Early detection COVID-19 scanner regions revealed

Scanners to reach 48 communities outside Lower Mainland, Fraser Health not included

Clarius pocket ultrasound scanner | Photo: Submitted

Some 48 early COVID-19 detection ultrasound scanners will be located in regions outside the Lower Mainland, with a capacity to serve 33 communities.

The scanners pair a commercial ultrasound device with an online library of lung ultrasound images and a specially developed artificial intelligence algorithm to allow health care workers to give a diagnosis almost instantly.

Burnaby-based Clarius Mobile Health designed the scanners—called PoCUS, for point-of-care ultrasound.

Clarius vice-president of research and development Kris Dickie said the technology has become very useful for picking up a “twinkling” on the surface of COVID-19 patients’ lungs that indicates pneumonia.

The scanners pair a commercial ultrasound device with an online library of lung ultrasound images and a specially developed artificial intelligence algorithm to allow health care workers to give a diagnosis almost instantly.

Dr. Teresa Tsang, a project co-leader and a UBC cardiologist, professor of medicine and director of echocardiography at Vancouver General Hospital and UBC Hospital, said use of the scanners could potentially detect COVID-19 lung changes while waiting for lab test results.

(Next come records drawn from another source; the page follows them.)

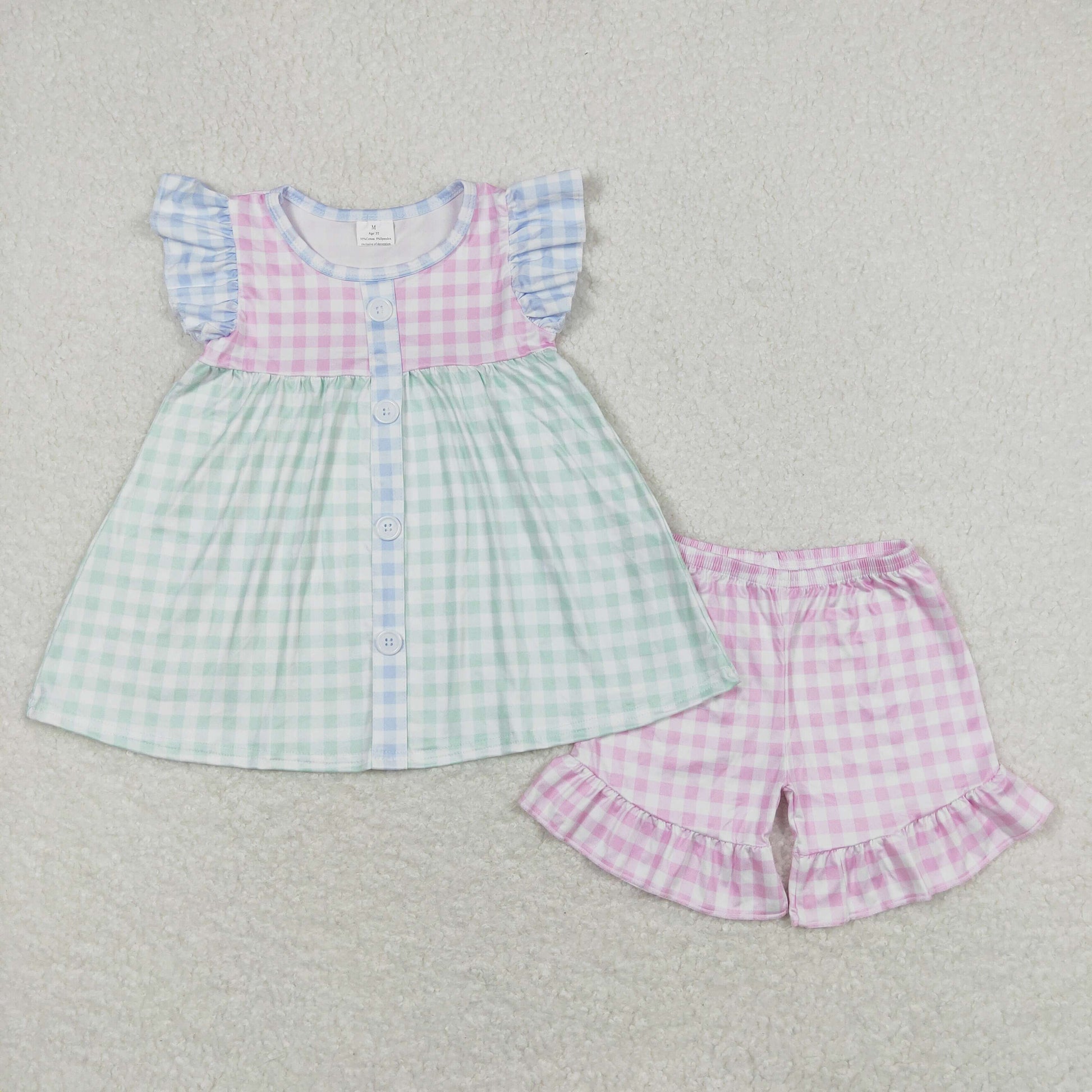 Baby Boy Green Short Sleeves Pocket Shirt Plaid Shorts Set
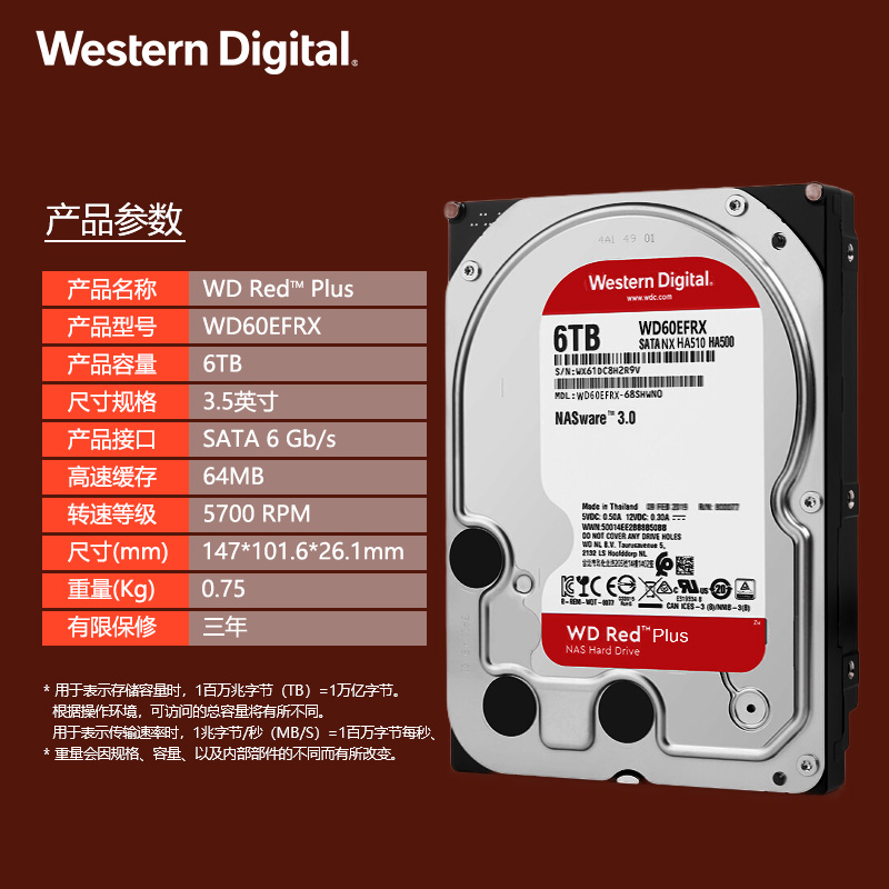 WD/Western Data NAS Hard Disk 6T Server Hard Disk 6T жесткий диск плюс WD60EFZX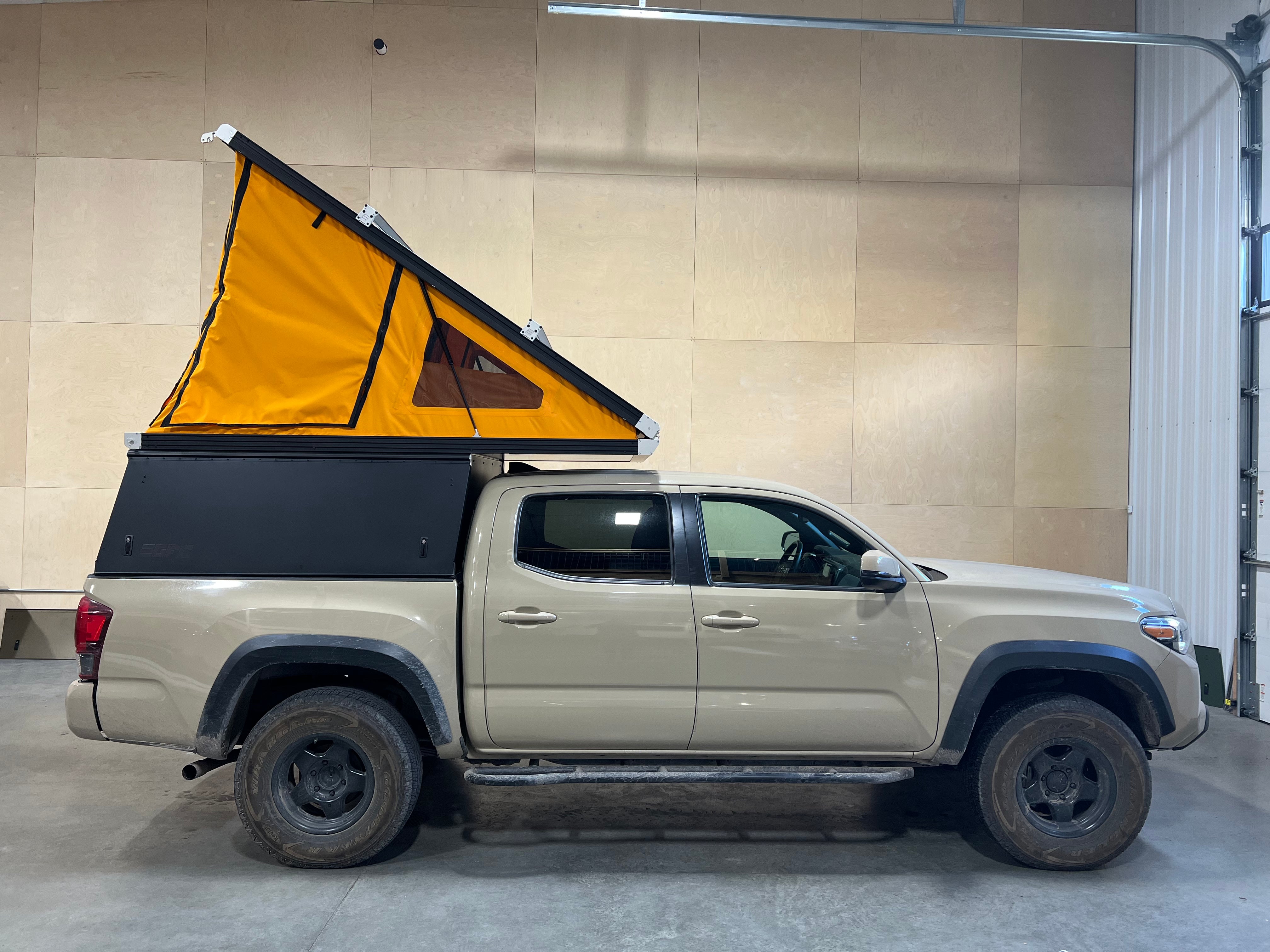 Product: Platform Camper Panel Color: Black GFC Options: Beef Rack Year: 2018 Make: Toyota Model: Tacoma Cab/Bed: Double Cab 5 foot Truck Color Tan Wheels: SCS Suspension: Stock Tire: Goodyear Wrangler 265/70/R16 Mods: All I need is a GFC Instagram Handle: Install Date: 2022-10-02 Location: WA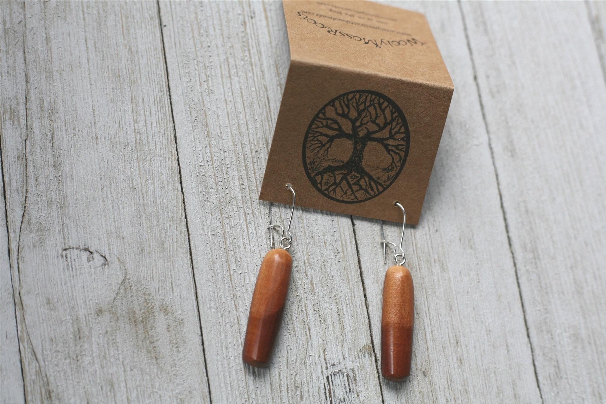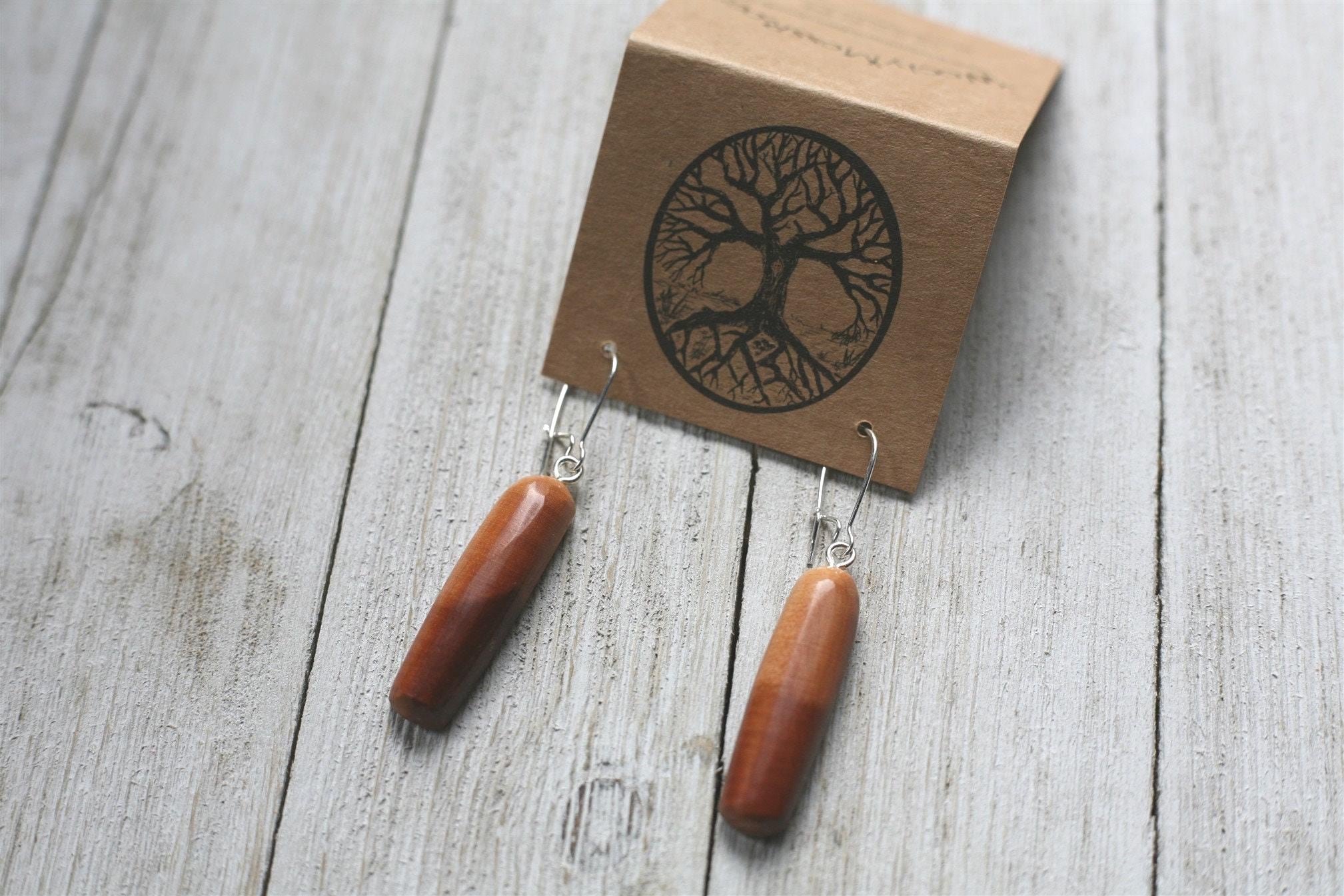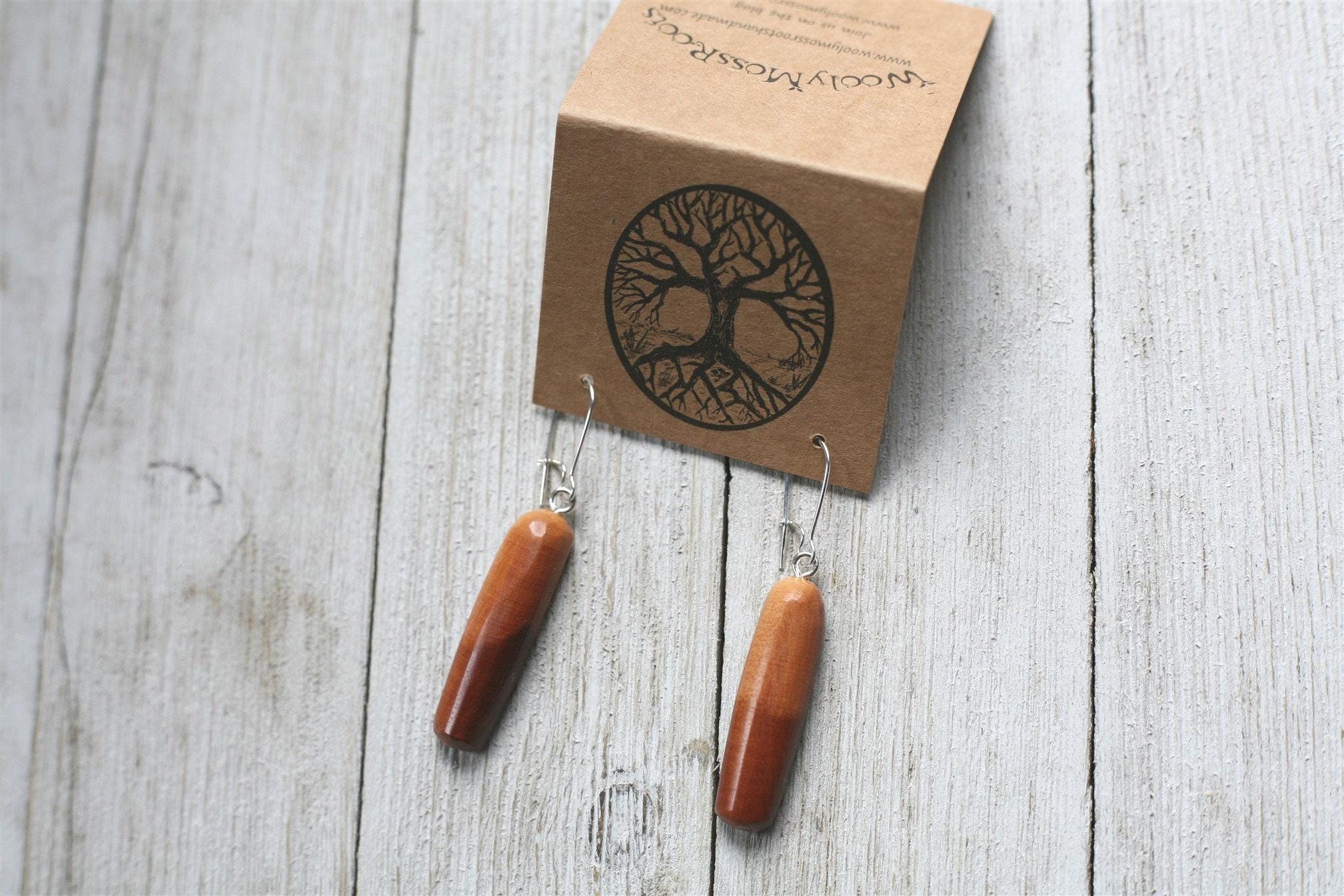 (Many of our earrings are surprisingly lightweight, even in the denser woods. If you are looking for our most lightweight earrings, the smaller size earrings and earrings in cedar wood are a good option.) These earrings come on sterling silver plated ear wires.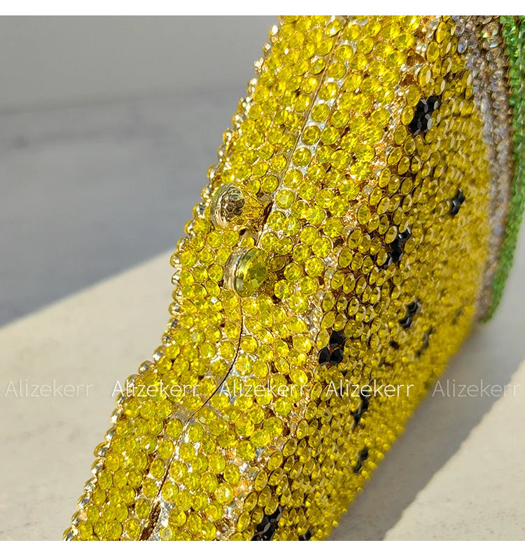 Alizekerr Pizza Shaped Diamond Evening Clutch Bags 2024 New Gorgeous Unique Metallic Watermelon Rhinestone Purses Wedding Party

UBC has said 30-plus scanners would be distributed to urban acute care sites managed by Vancouver Coastal Health (VCH).

It remains unknown how many would be distributed in Fraser Health, B.C.’s largest health authority.

“Our folks aren’t aware of this device,” Fraser Health spokesperson Dixon Tam said.

Outside the Lower Mainland, the distribution is as follows:

• Interior Health – 20 reaching 39% of region communities;

• Northern Health – 17 reaching 36% of region communities; and

• Vancouver Island Health – seven reaching 22% of region communities.

As well, parts of Vancouver Coastal Health Authority – the Sunshine Coast, Coast Garibaldi, Bella Bella and Bella Coola – are considered rural and four scanners have been assigned to three communities in those areas. 

The urban scanners are still being allocated and are expected to be at various VCH and Providence Health Care facilities.